Consider this SQL program:

SELECT CASE
WHEN x IS NULL 1/0
ELSE x
END

This program contains a constant expression, 1/0. However, this expression cannot be evaluated at compilation time, since the result is... an exception (in most SQL dialects; in SQLite the result of division by zero is actually NULL). However, it does not mean that this program should be rejected by the compiler: if x is never NULL, this division may never be executed.

When attempting to optimize such an expression the Calcite optimizer will actually produce an exception when evaluating the Java code which performs division by 0. Calcite will catch the exception, and will return the original expression unmodified. This will ensure that the division by zero is only executed at runtime.

Compiling and executing Java code

How does Calcite execute Java code that is generated while it runs?

First we discuss steps 2, 3, and 4 above. You can actually inspect the Java code produced by setting a breakpoint after this line from RexExecutorImpl.reduce:

String code = compile(rexBuilder, constExps, (list, index, storageType) -> {
   throw new UnsupportedOperationException();
});

You can see that the value of the code variable for our example is:

public Object[] apply(Object root0) {
  return new Object[] {
    1 + 2 * 3};
}

You can see that this code indeed contains a method that returns an array with 1 object. There is 1 object because we are folding 1 expression tree.

Calcite uses the Janino embedded Java compiler. Janino is a very fast and compact Java compiler, written in Java, which performs several operations:

it parses and validates Java source code (it only accepts a subset of Java, but this subset is rich enough for Calcite's needs)
it compiles code into Java bytecode
it loads the generated code dynamically in the current running process

These features enable Calcite to generate code for a new function in Java, and then to execute the function using the existing Java virtual machine to evaluate constant expressions.

In step 4, after evaluating the generated code, Calcite obtains the result, the value 7, stored in a Java Integer. However, Calcite needs to convert this value into a RexLiteral, which is the internal compiler representation for a constant value. Fortunately, this is easy to do, since Calcite already knows the type (including nullability) of the result in SQL (INTEGER), and this is all that is needed to create a RexLiteral.

Compiling `RexNode` trees to Java source code

We now return to step 1: translating the RexNode tree into a Java source code string. Based on the Java code example produced above, you may think that this is a simple process, but it is perhaps the most involved part of the entire optimization process.

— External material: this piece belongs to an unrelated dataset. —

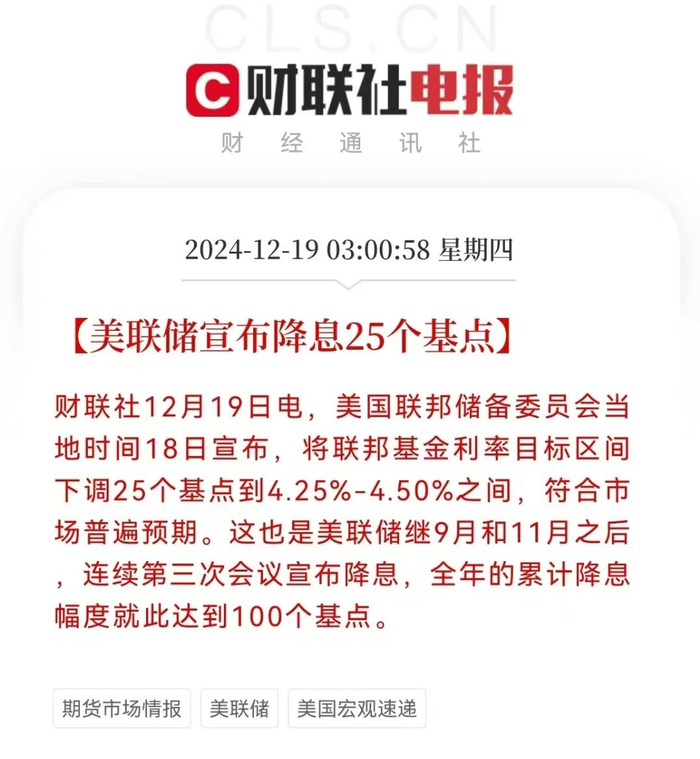 北京时间12月19日凌晨3点,美联储宣布降息25个基点,将联邦基金利率目标区间下调到4.25%-4.50%之间!

For our running example, the input is the expression tree we have shown above:

RexCall +(1, *(2, 3))
|_op: SqlMonotonicBinaryOperator "+"
| |_kind: PLUS
|_operands: List
  |_0: RexLiteral "1"
  | |_ value: 1
  |_1: RelCall *(2, 3)
       |_op: SqlMonotonicBinaryOperator "*"
       | |_kind: TIMES
       |_operands: List
          |_0: RexLiteral: "2"
          | |_value: 2
          |_1: RexLiteral: "3"
          |_value: 3

The translation is actually done in three stages:

Stage 1: each RexNode expression tree is translated to a simpler form by a visitor, which is similar to three-address code used in traditional compilers; this representation is essentially a list of statements of the form "variable = expression"; expressions are still represented as RexNode objects.

The result of this translation looks like this:

$t0 = RexLiteral "1"
$t1 = RexLiteral "2"
$t2 = RexLiteral "3"
$t3 = RexCall "*"
      |_operands
        |_0: RexLocalRef: "$t1"
        |_1: RexLocalRef: "$t2"
$t4 = RexCall "+"
      |_operands
        |_0: RexLocalRef: "$t0"
        |_1: RexLocalRef: "$t3"

This data structure is stored in a RexProgram; you can inspect this program in one of the RexExecutorImpl.compile methods.

Stage 2: The RexProgram is then translated into yet another intermediate representation, called linq4j, which we will describe in detail below. This translation is performed by the RexToLixTranslator visitor, using the RexToLixTranslator.translateProjects method.

Stage 3: finally, the linq4j representation is translated to Java source code

LINQ: A short (personal) history

In 2008 Microsoft introduced a set of libraries for the C# programming language, under the name LINQ, from Language Integrated Query. The design of LINQ is based on an academic paper: The essence of Data Access in Comega, Gavin Bierman, Erik Meijer, and Wolfram Schulte, ECOOP 2005.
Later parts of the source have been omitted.